I kissed Elise, too, and just as she and Will were leaving she said: ‘I know that you don’t believe in my prophecies, Alan, but I was right about you, wasn’t I? You were not destined to die here in this place; as I told you, you will die in bed, at home, an old man.’ And then she did a strange thing; she bent down and picked up the old-fashioned wolf’s head shield that Little John had left at the bottom of the bed. ‘But carry this with you at all times; it will save your life,’ she said solemnly, then she took Will’s hand and they both left. I was struck by the fact that she should echo Little John’s advice about the shield, and I vowed that I would learn to use it, and carry it with me whenever I next went into battle.

 

As the days passed, I grew stronger. Robin had disappeared and when I asked after my master with Owain and Sir James de Brus, neither seemed to know where he had gone. Reuben seemed to have vanished, too.

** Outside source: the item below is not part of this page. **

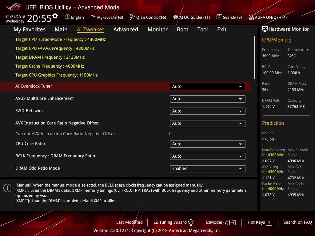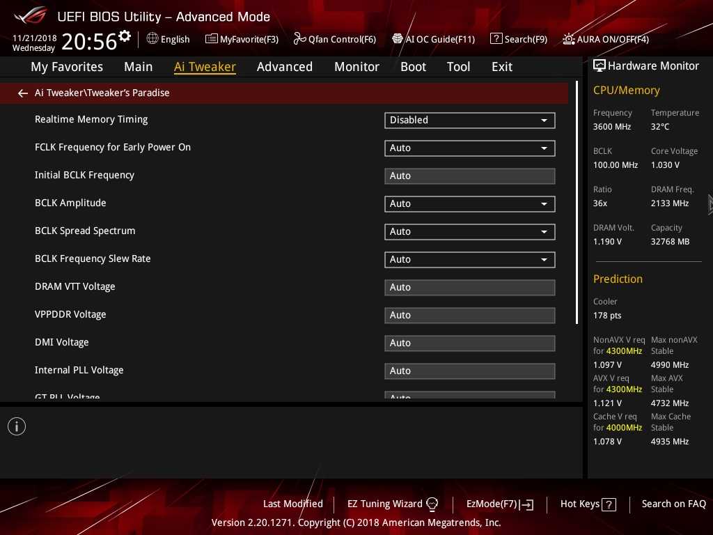 Раздел «Ai Tweaker» по традиции вобрал в себя все настройки для оверклокинга и тонкого тюнинга системы. Данный пункт меню содержит очень много настроек, что характерно для материнских плат ASUS с чипсетами Intel Z-серии.

When I questioned Little John, he rather curtly told me to stop worrying, and to stop asking questions; my master’s business was his own. But the big man was as good as his word about the shield lessons and came each morning to give me instruction. In truth, it was not difficult, although my tender stomach muscles gave me some trouble to begin with - I now had a short, ugly purple scar to the right of my belly button, where the barber-surgeons had cut out Malbête’s quarrel. Wounded belly or no, Little John soon had me skipping about the sunlit courtyard of the Hospitallers’ quarter, John striking at me with a yard-long wooden baton, and myself using only the shield to block his powerful blows: high, low, and the tricky ones that aim to come around the edge. At first I was quickly exhausted by the exercise, and even though we practiced in the early morning, the heat soon became unbearable. But as I grew stronger, I was able to enjoy the practice sessions with my huge friend, and endure the discomfort for longer. When John saw that I had mastered the basic moves, he progressed to teaching me more sophisticated manoeuvres with the shield: strikes on an opponent with the flat and edge, and how to use the shield to distract your enemy so that he reacted slowly to your sword blow.